§ **YOUR INSTRUCTIONS**: With pictures excluded, output exactly the lines that run from the first line of the data below through the line containing "Mitchell & Ness".

§ **Stored data entries**:

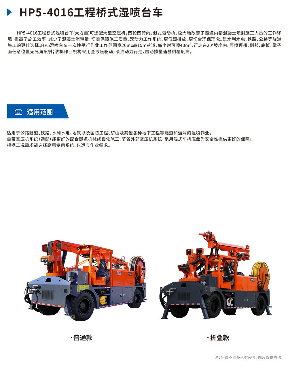 HP5-4016⼯程桥式湿喷台⻋(⼤⽅量)可选配⼤型空压机,四轮四转向,湿式驱动桥,极⼤地改善了隧道内部混凝⼟喷射施⼯⼈员的⼯作环境,提⾼了施⼯效率,减少了混凝⼟消耗量,切实保障施⼯质量,双动⼒⼯作系统,更低碳排放,更切合环保理念。是⽔利⽔电、铁路、公路等隧道施⼯的更佳选择。HP5湿喷台⻋⼀次性平⾏作业⼯作范围宽26mx⾼15m巷道,每⼩时可喷40m³,⾏⾛在20°坡度内、可喷顶邦、侧邦、底板、掌⼦⾯任意位置⽆死⻆喷射;该机作业机构采⽤全液压驱动,柴油动⼒⾏⾛,⾃动掺量速凝剂精度⾼。
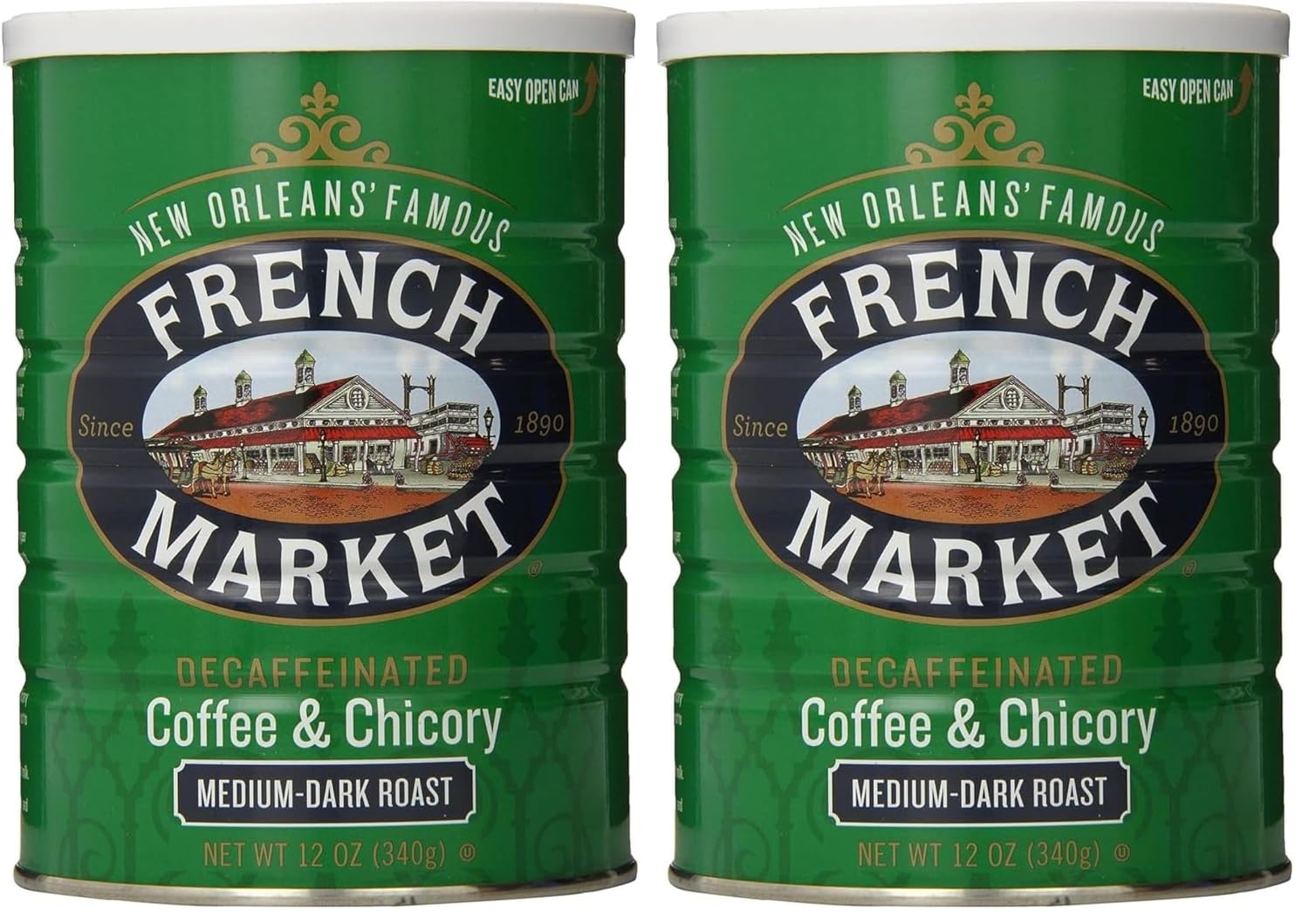 French Market Coffee & Chicory Decaffeinated Medium-Dark Roast Ground Coffee, 12oz Can (Pack of 2)
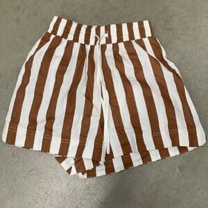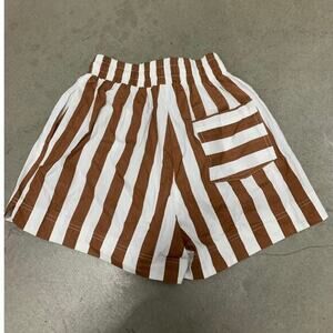 The Harvey Short in Cigar/Optic stripe cotton poplin features elasticised waist with Optic tie detail and curved wide stitched hem detail.
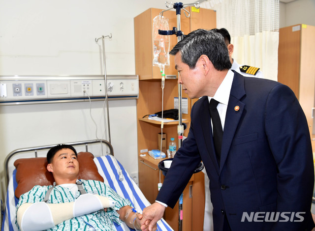 【창원=뉴시스】 강경국 기자 = 정경두 국방부 장관이 25일 경남 창원시 진해구 해군해양의료원을 방문해 청해부대 입항 사고로 입원한 장병을 위로하고 있다. 2019.05.25. (사진=해군 제공)
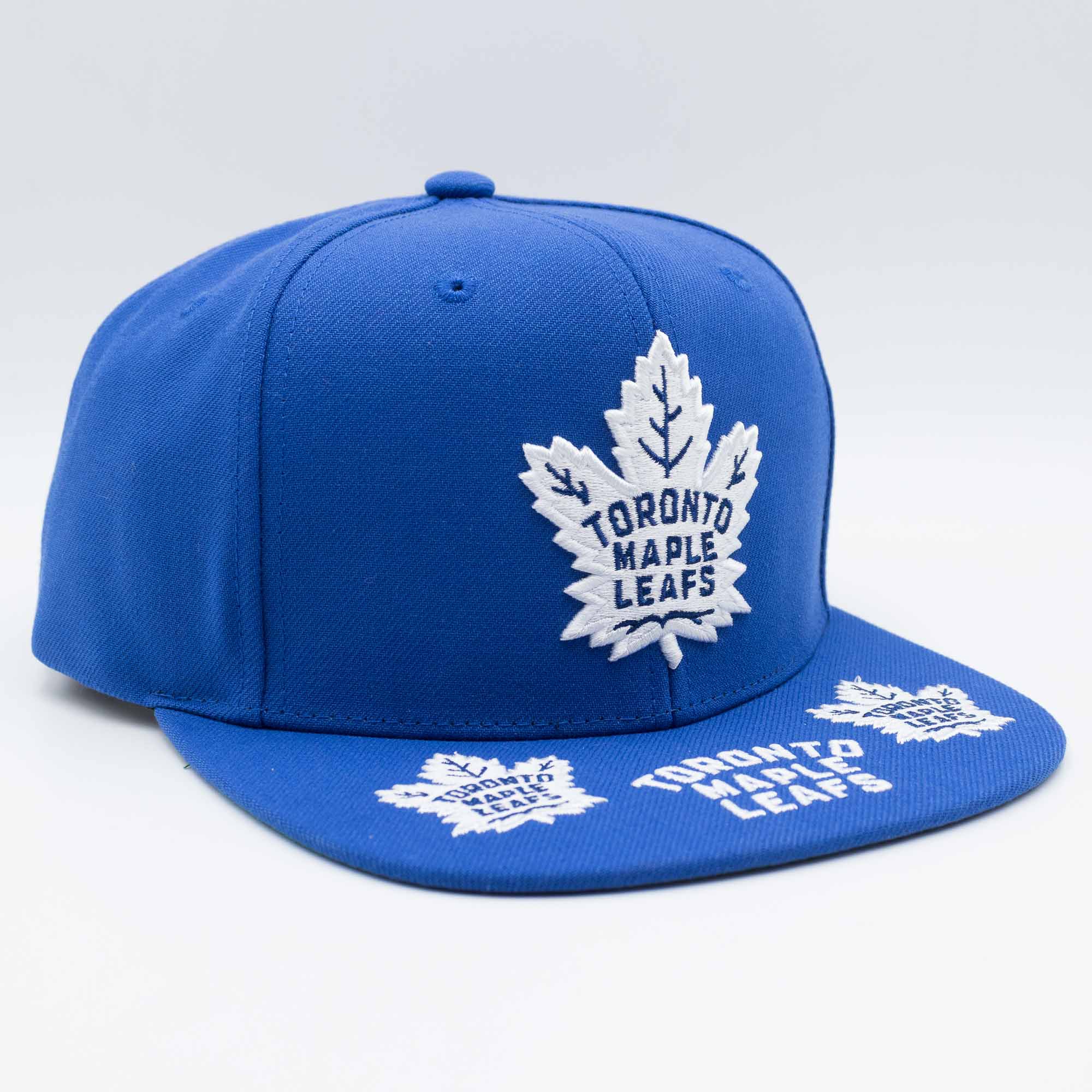 Mitchell & Ness NHL Original Fit Eishockey Snapback Cap von deinen Toronto Maple Leafs im Hat Trick Visor Decoration Design.
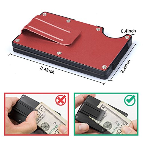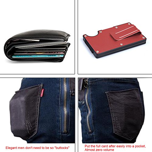RFID Blocking Technology, prevent unauthorized access to personal information, such as credit cards, debit cards, driver licenses, banking information, smart cards, RFID driver's licenses and other RFID cards. Easy to -use design makes money clip very convenient, simply insert the credit card or ID card into from Y shape mouth, and easily pull out from the C shape mouth. The flexible elastic webbing can maximum improve cards capability with no falling out, no breaking, and no bending. Our aluminum wallet money clip is lightweight, and designed to fit into the pockets of dress pants, jeans or shorts, the guys takes it from work to play. Our card holder money clip will NOT damage credit card strips or chips, so there is no stress! Specification: Material: ABS plastic aviation aluminum Color: black Product size: 3.4 * 2.2 * 0.4 inches Product weight: 45g Package includes: 1pc card holder case

§ **EXPECTED ANSWER**:
 HP5-4016⼯程桥式湿喷台⻋(⼤⽅量)可选配⼤型空压机,四轮四转向,湿式驱动桥,极⼤地改善了隧道内部混凝⼟喷射施⼯⼈员的⼯作环境,提⾼了施⼯效率,减少了混凝⼟消耗量,切实保障施⼯质量,双动⼒⼯作系统,更低碳排放,更切合环保理念。是⽔利⽔电、铁路、公路等隧道施⼯的更佳选择。HP5湿喷台⻋⼀次性平⾏作业⼯作范围宽26mx⾼15m巷道,每⼩时可喷40m³,⾏⾛在20°坡度内、可喷顶邦、侧邦、底板、掌⼦⾯任意位置⽆死⻆喷射;该机作业机构采⽤全液压驱动,柴油动⼒⾏⾛,⾃动掺量速凝剂精度⾼。
 French Market Coffee & Chicory Decaffeinated Medium-Dark Roast Ground Coffee, 12oz Can (Pack of 2)
 The Harvey Short in Cigar/Optic stripe cotton poplin features elasticised waist with Optic tie detail and curved wide stitched hem detail.
 【창원=뉴시스】 강경국 기자 = 정경두 국방부 장관이 25일 경남 창원시 진해구 해군해양의료원을 방문해 청해부대 입항 사고로 입원한 장병을 위로하고 있다. 2019.05.25. (사진=해군 제공)
 Mitchell & Ness NHL Original Fit Eishockey Snapback Cap von deinen Toronto Maple Leafs im Hat Trick Visor Decoration Design.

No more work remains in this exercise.